▸ EXERCISE DETAILS
From the material below, copy exactly the lines beginning with the one that contains "The City Bangna" and ending with the one that contains "隆安火龍果種植技術(shù)"; the pictures stay out.

▸ MATERIAL FOR THIS TASK
■ ■ ■ ■
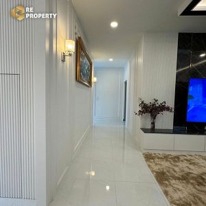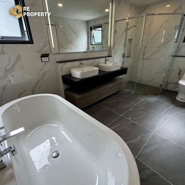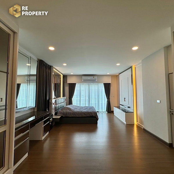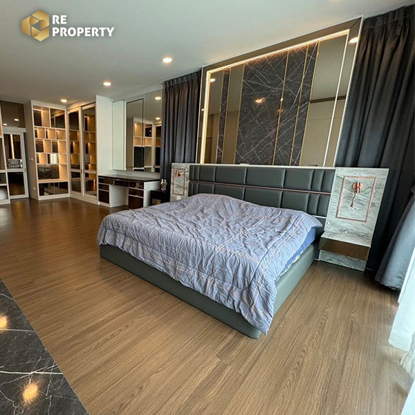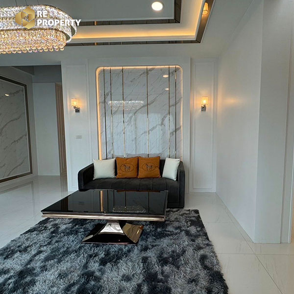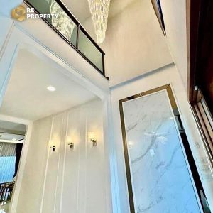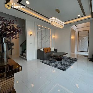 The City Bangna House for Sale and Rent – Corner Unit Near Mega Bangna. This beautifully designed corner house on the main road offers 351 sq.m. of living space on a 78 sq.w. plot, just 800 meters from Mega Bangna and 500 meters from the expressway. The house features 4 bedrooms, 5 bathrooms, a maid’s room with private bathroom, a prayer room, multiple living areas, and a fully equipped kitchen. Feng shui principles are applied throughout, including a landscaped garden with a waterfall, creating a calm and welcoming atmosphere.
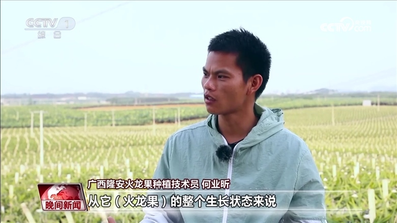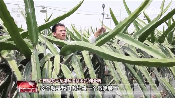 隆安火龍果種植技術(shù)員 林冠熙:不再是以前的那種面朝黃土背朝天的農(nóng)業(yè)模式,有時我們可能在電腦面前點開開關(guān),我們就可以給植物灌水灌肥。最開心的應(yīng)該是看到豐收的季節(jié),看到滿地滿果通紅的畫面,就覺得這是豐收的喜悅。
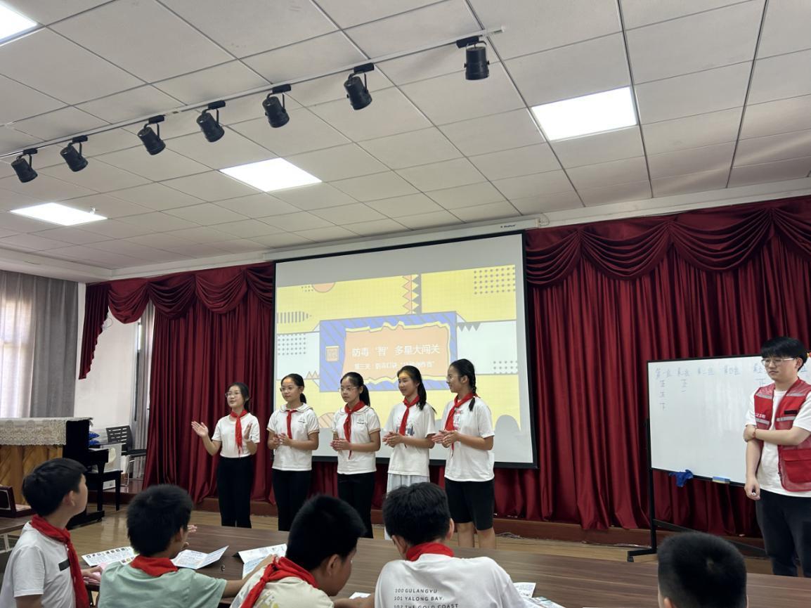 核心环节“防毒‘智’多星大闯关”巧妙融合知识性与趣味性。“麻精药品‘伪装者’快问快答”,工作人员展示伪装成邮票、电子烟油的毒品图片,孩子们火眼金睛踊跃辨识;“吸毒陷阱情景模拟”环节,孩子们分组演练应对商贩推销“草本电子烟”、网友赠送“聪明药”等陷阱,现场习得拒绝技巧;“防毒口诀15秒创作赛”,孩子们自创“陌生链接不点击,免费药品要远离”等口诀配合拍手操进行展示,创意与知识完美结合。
■ ■ ■ ■
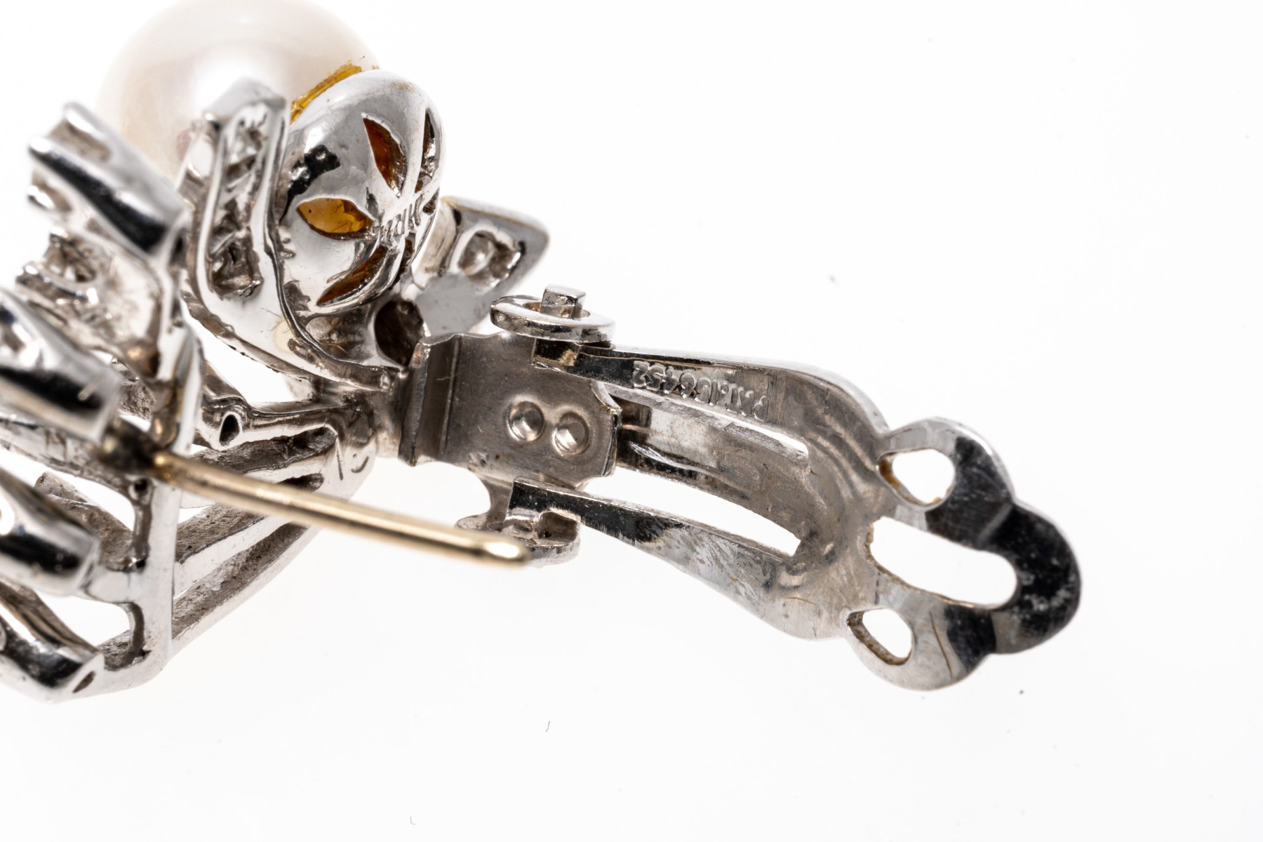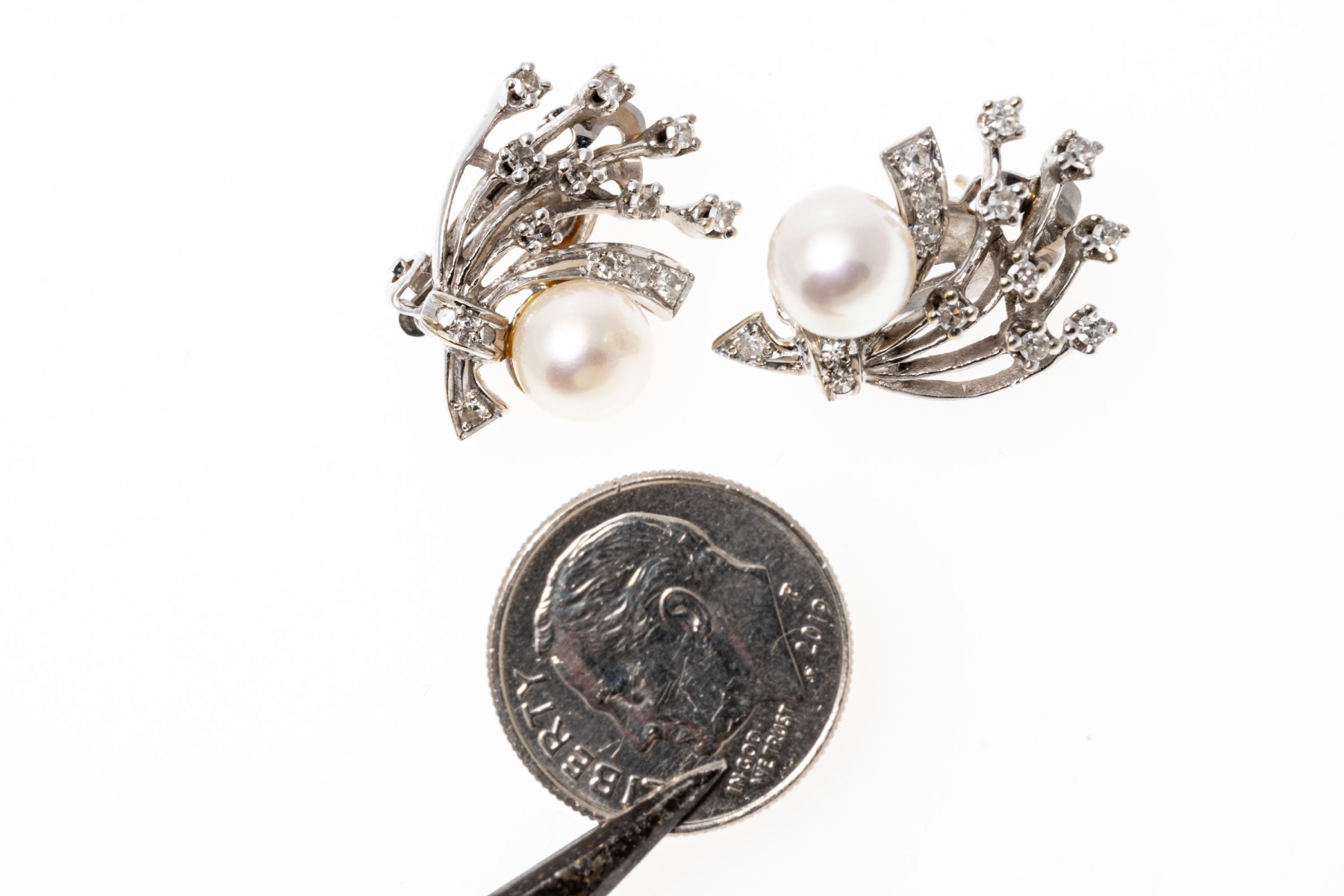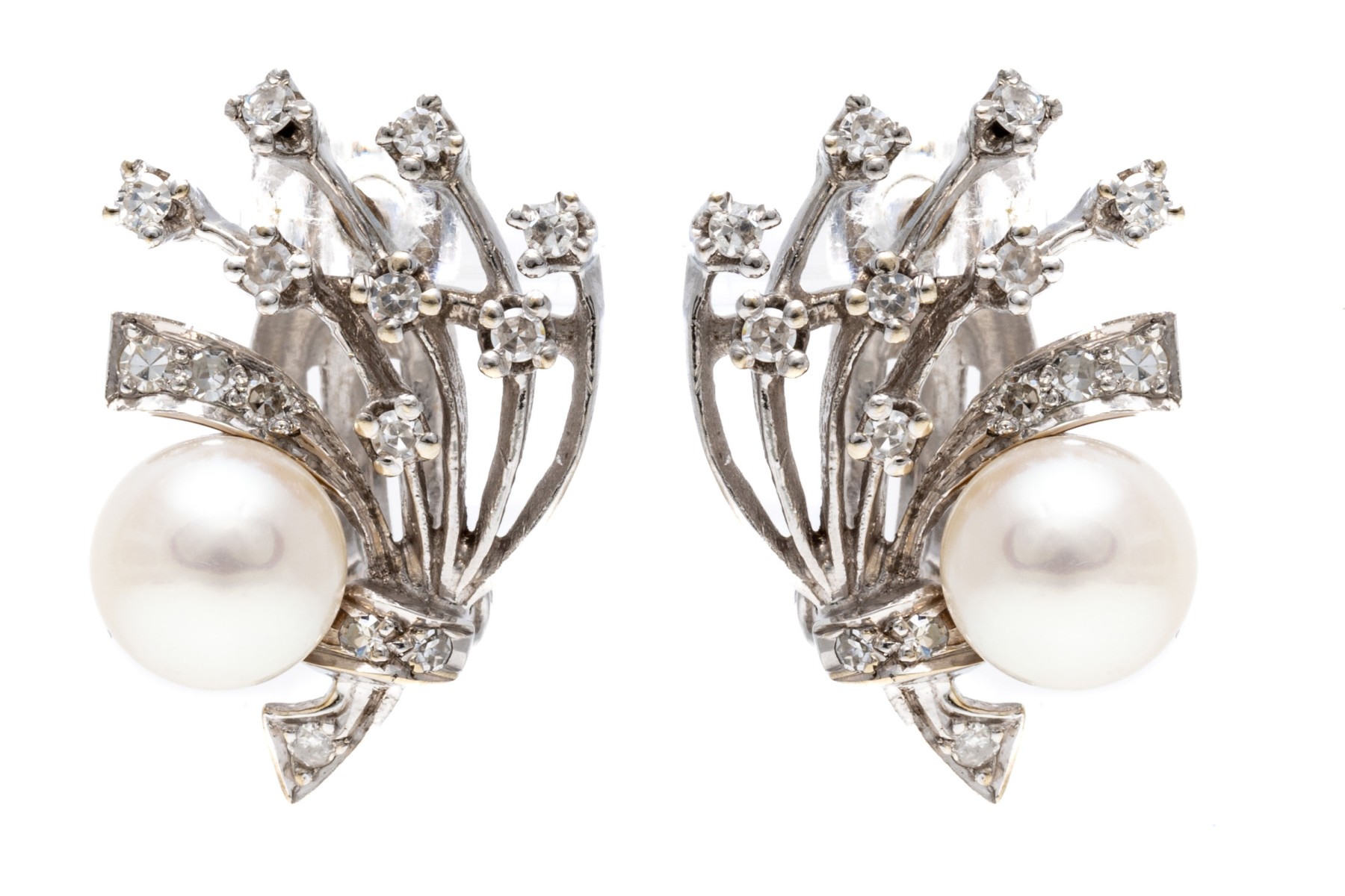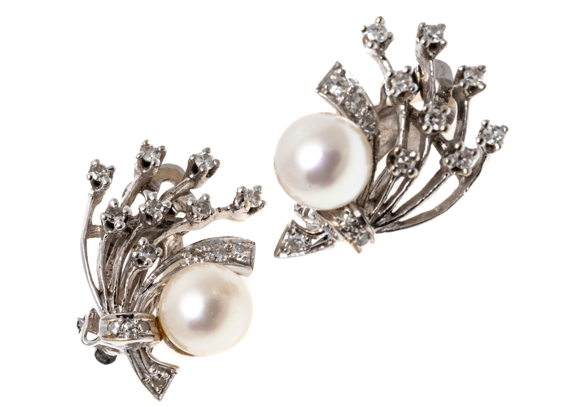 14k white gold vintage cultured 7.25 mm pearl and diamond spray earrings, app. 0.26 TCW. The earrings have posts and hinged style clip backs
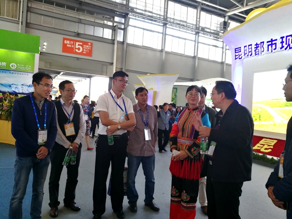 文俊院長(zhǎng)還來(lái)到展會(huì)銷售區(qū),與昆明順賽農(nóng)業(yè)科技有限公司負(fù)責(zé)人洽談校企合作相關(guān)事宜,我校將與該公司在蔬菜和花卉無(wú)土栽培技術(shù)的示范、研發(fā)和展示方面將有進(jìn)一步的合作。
■ ■ ■ ■
▸ WORKED SOLUTION
 The City Bangna House for Sale and Rent – Corner Unit Near Mega Bangna. This beautifully designed corner house on the main road offers 351 sq.m. of living space on a 78 sq.w. plot, just 800 meters from Mega Bangna and 500 meters from the expressway. The house features 4 bedrooms, 5 bathrooms, a maid’s room with private bathroom, a prayer room, multiple living areas, and a fully equipped kitchen. Feng shui principles are applied throughout, including a landscaped garden with a waterfall, creating a calm and welcoming atmosphere.
 隆安火龍果種植技術(shù)員 林冠熙:不再是以前的那種面朝黃土背朝天的農(nóng)業(yè)模式,有時我們可能在電腦面前點開開關(guān),我們就可以給植物灌水灌肥。最開心的應(yīng)該是看到豐收的季節(jié),看到滿地滿果通紅的畫面,就覺得這是豐收的喜悅。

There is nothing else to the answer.